Кушать после обеда нельзя, остается только клизма и трепотня с кумушками в больничном холле.
– Ну почему у мужиков все просто? Переспал с бабой и пошел как ни в чем не бывало – на работу, пива выпить. А у женщины на всю жизнь проблемы – беременность, роды, выкидыши, неудачные чистки...
– Да ладно, чего на мужиков грешить. У них свое бывает... – Дина мысленно прорисовала образ дедушки, стриженного ежиком милейшего добряка, который мучительно умирал от рака кожи.
Как-то сбоку на ступне он содрал родинку, и на ее месте что-то стало расти... Через пару лет опухоль напоминала плотную мокнущую красно-коричневую бугристую шишку, размером с сосновую.
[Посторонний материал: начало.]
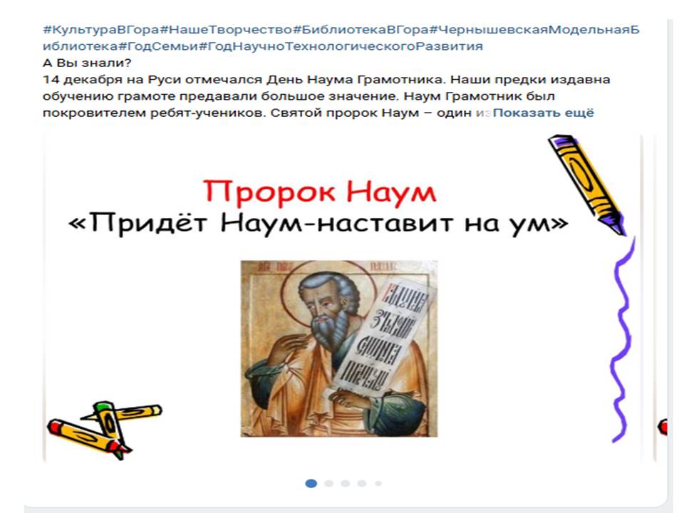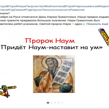 Чернышевка авыл китапханәсе грамоталык көненә онлайн-презентация әзерләде. Безнең бабаларыбыз укытуга зур әһәмият биргәннәр. Русиядә Наум пәйгамбәрне укучыларның яклаучысы дип санаганнар. Халыкта укуга ихтирам белән караганнар, ә укытучыларны аеруча хөрмәт иткәннәр, аның эшен мөһим һәм авыр дип санаганнар. Киапханәнең битенә кереп Наум пәйгәмбәрнең кем булуы һәм Русиядә грамоталыкның ничек барлыкка килүе турында мәгълүмат

Старик ее бинтовал и чем-то мазал. Он жил в деревне и про злокачественные клетки никогда не слышал. После вскрытия в городском морге врачи изумились, как этот человек справлялся с той адской болью, которую должны были вызывать многочисленные метастазы – они внедрились даже в сердце... А он никогда не жаловался, покряхтывал и бинтовал, бинтовал и покряхтывал... Ангел-дедушка... Говорят, рак вызывают скрытые обиды, которые люди копят в себе. Да разве ж дед копил чего-то? Душа его была как лист бумаги в клеточку, на котором он записывал приходы и расходы пенсии...
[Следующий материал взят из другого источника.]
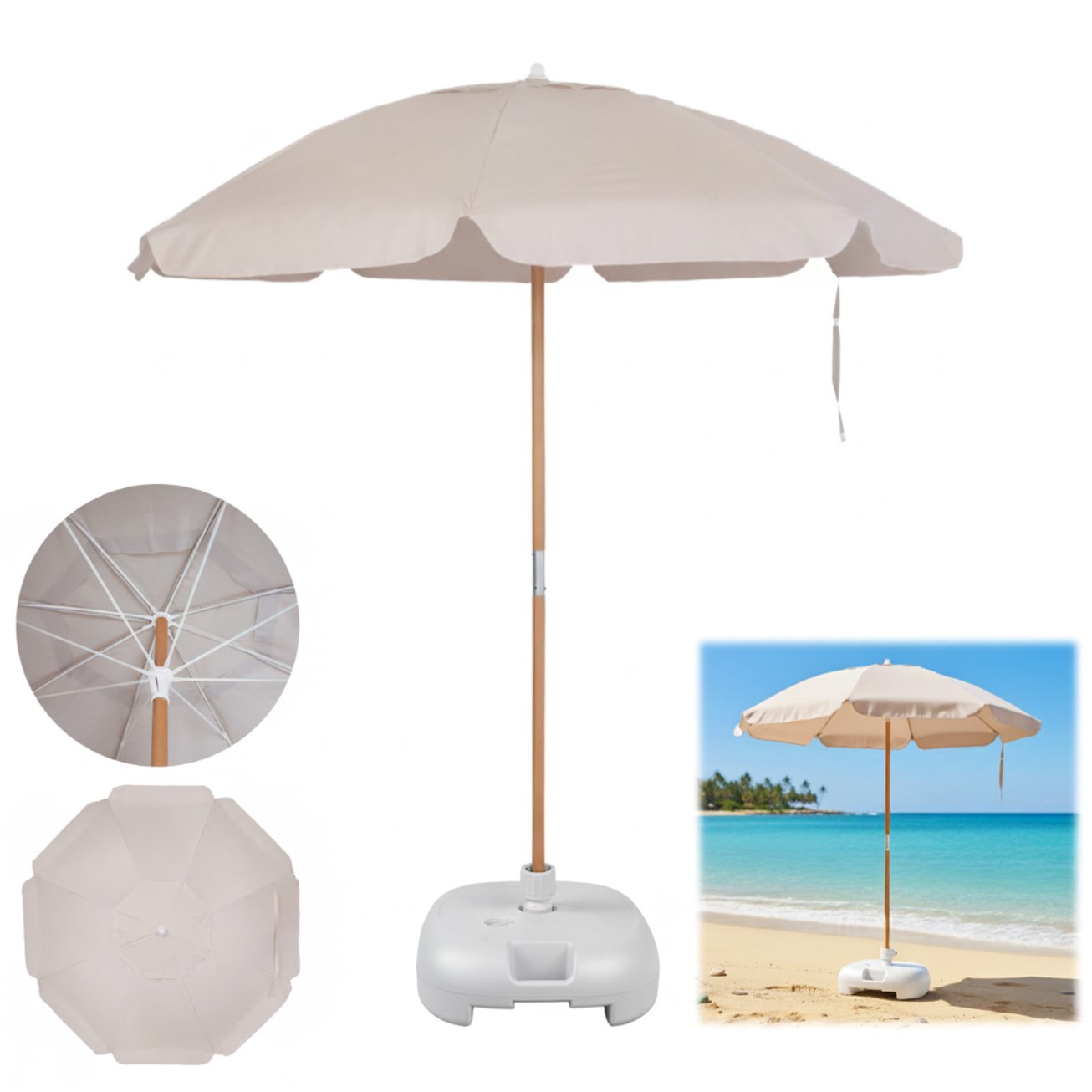 Guarda Sol Ombrelone Bagum 2 Metros Madeira Reforçado Bege Com Base Plástica Branca - Mor

Господи, Господи, если мы для тебя как вши, то почему не вывести всех единым дустом? Зачем каждому отдельная пытка?
Ночь перед операцией всегда Гефсиманская. Потому что ты знаешь, что не минует чаша сия, и принять ее надо в девять утра с улыбкой на лице и мыслью о том, что ты очнешься.
Где-то далеко спят хирурги, которые завтра придут резать твое тело, спят родные, о которых ты не знал до рождения и не будешь знать после смерти. Остаешься ты и Бог, который никогда не спит. Тебе остается смотреть ему в глаза и молиться о пробуждении в новом теле, которое будет навсегда изменено рукой хирурга... Отрезанные теплые клетки, еще помнящие музыку организма и движение мыслей, унесут часть тебя – в таз, в помои, в отходы человеческого материала. Они остынут и забудут о принадлежности к твоему телу, пустота в котором со временем заполнится аморфным жиром.
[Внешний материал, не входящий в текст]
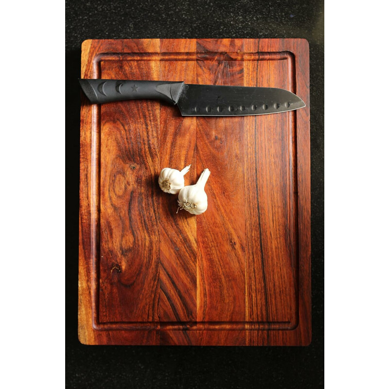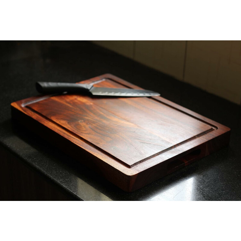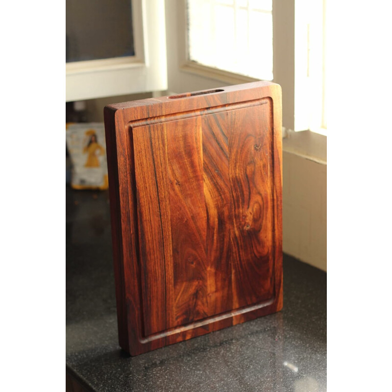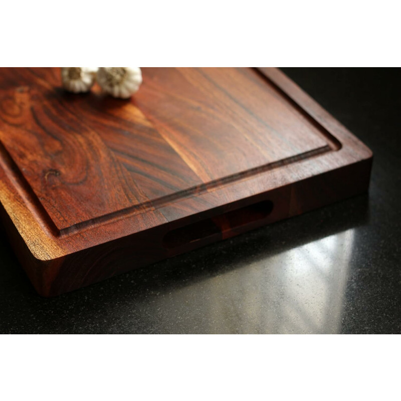 Crafted from premium-grade, well-seasoned Acacia wood, this handcrafted cutting board brings a blend of rustic charm and modern functionality to your kitchen. The rich wood grain, paired with a naturally oiled finish, gives it an elegant aesthetic that enhances any countertop. Measuring 15 x 12 x 1.5 inches, this board is notably thick and sturdy, offering a reliable surface for chopping, slicing, dicing, and prepping.The reversible design allows dual-sided usage, optimizing versatility and longevity.

Чуть свет, словно опомнившись, в палату примчался муж и, присев перед кроватью жены, быстро зашептал:
– Я люблю тебя, всякую, любую... Мама за тебя молится...
Дина смотрела на него пустыми глазами – не могла очнуться от сна: под утро ей привиделся зеленый боженькин росточек, едва распустившийся, едва окрасившийся жизнью. Что-то торкнулось, затеплилось в груди женщины – вспомнила! Ведь это ей Бог дал росточек, ей позволил ухаживать за ним, – ведь это она и есть тот самый росточек!!!
Дина заплакала, страшась обернуться на собственную жизнь и увидеть, что теперь с ним стало.
А муж, истолковывая ее слезы по-своему, талдычил:
– Детки есть у нас, а ты мне всякая... Прости меня, Диночка!.. Прости!..
Вошедший в палату врач не интересовался состоянием души пациентки. Главное – физическое тело. Пульс, давление.
– Не кушали?
Дина была покорна и ловила плавное течение последних минут перед вспарыванием упругого загоревшего на даче живота.
За окном в холодных сумерках горели красные огоньки на высоченных кирпичных трубах, символизирующих промышленную мощь Питера, такую несопоставимую с ничтожностью отдельно взятого больного горожанина.
Каталка задребезжала, увозя укрытое одеялом голое тело.
– Видишь ли ты, меня, Господи? Видишь ли? Боженька-а...
...Пробуждение от наркоза как воскресение – всегда другое видение – хоть на миллиметр, но другое...
– Один обезболивающий укол как литр водки на печень, – держа в руке шприц, констатировала медсестра.
– Не надо, до девяти потерплю... – Прооперированная скорчилась в позе эмбриона. Нельзя так часто просить обезболивающее. Лучше лечь на бок, прижать к животу комок одеяла и считать вечность. Вечность – раз, вечность – два, вечность – вечность... Вечность – сто вечностей...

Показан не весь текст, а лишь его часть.